▸ What the task asks
Your job with the data below: print everything from the line that holds "Module Quản lý" down to the line that holds "Wymiary sukienki w", ends included, exactly, and nothing else.

▸ Data under study
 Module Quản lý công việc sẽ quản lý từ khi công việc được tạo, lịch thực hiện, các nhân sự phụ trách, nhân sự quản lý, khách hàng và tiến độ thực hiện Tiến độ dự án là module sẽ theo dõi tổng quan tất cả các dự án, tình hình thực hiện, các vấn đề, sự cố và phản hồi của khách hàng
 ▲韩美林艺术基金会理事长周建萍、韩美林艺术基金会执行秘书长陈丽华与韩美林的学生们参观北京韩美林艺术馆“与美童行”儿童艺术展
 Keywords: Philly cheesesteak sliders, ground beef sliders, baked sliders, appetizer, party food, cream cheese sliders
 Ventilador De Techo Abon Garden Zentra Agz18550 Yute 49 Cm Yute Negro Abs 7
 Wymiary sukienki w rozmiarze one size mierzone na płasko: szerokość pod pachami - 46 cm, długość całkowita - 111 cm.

* * *

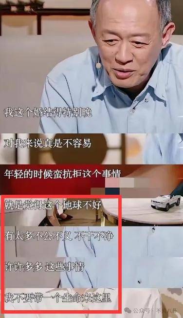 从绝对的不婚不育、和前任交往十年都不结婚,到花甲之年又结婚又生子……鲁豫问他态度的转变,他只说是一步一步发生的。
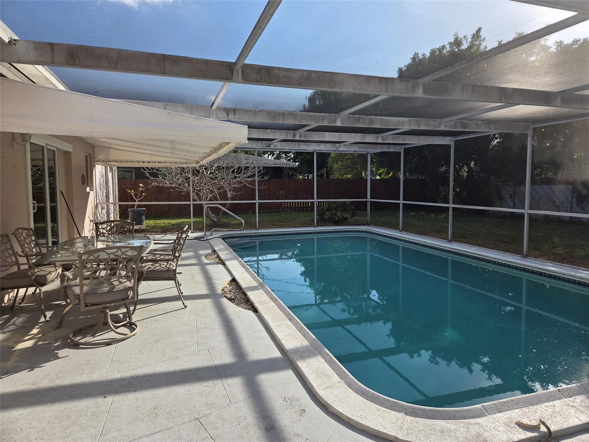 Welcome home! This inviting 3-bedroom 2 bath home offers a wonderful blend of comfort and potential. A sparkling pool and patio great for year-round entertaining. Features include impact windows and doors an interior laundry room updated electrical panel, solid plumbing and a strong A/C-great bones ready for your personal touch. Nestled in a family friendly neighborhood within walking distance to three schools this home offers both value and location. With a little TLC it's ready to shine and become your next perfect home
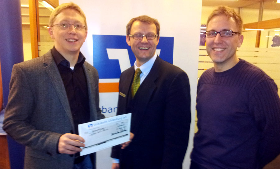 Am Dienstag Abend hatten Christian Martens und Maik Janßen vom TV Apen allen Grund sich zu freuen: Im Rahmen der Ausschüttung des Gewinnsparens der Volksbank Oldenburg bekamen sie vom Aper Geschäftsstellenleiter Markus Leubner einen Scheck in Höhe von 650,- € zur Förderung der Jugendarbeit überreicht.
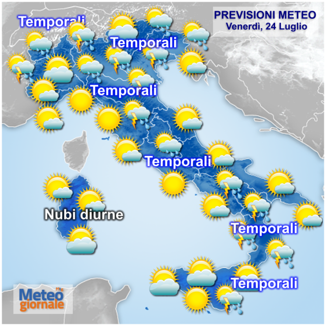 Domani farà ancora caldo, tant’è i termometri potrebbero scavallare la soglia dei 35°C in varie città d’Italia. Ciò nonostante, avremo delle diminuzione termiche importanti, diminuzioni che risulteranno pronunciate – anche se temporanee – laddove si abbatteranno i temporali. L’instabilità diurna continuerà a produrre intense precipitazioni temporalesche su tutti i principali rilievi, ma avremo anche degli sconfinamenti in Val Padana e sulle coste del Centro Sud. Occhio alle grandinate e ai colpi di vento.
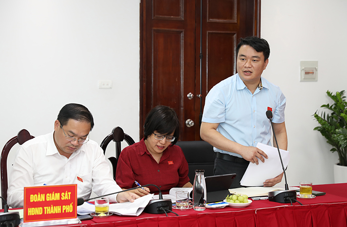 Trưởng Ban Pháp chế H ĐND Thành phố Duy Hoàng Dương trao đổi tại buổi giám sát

▸ The answer
 Module Quản lý công việc sẽ quản lý từ khi công việc được tạo, lịch thực hiện, các nhân sự phụ trách, nhân sự quản lý, khách hàng và tiến độ thực hiện Tiến độ dự án là module sẽ theo dõi tổng quan tất cả các dự án, tình hình thực hiện, các vấn đề, sự cố và phản hồi của khách hàng
 ▲韩美林艺术基金会理事长周建萍、韩美林艺术基金会执行秘书长陈丽华与韩美林的学生们参观北京韩美林艺术馆“与美童行”儿童艺术展
 Keywords: Philly cheesesteak sliders, ground beef sliders, baked sliders, appetizer, party food, cream cheese sliders
 Ventilador De Techo Abon Garden Zentra Agz18550 Yute 49 Cm Yute Negro Abs 7
 Wymiary sukienki w rozmiarze one size mierzone na płasko: szerokość pod pachami - 46 cm, długość całkowita - 111 cm.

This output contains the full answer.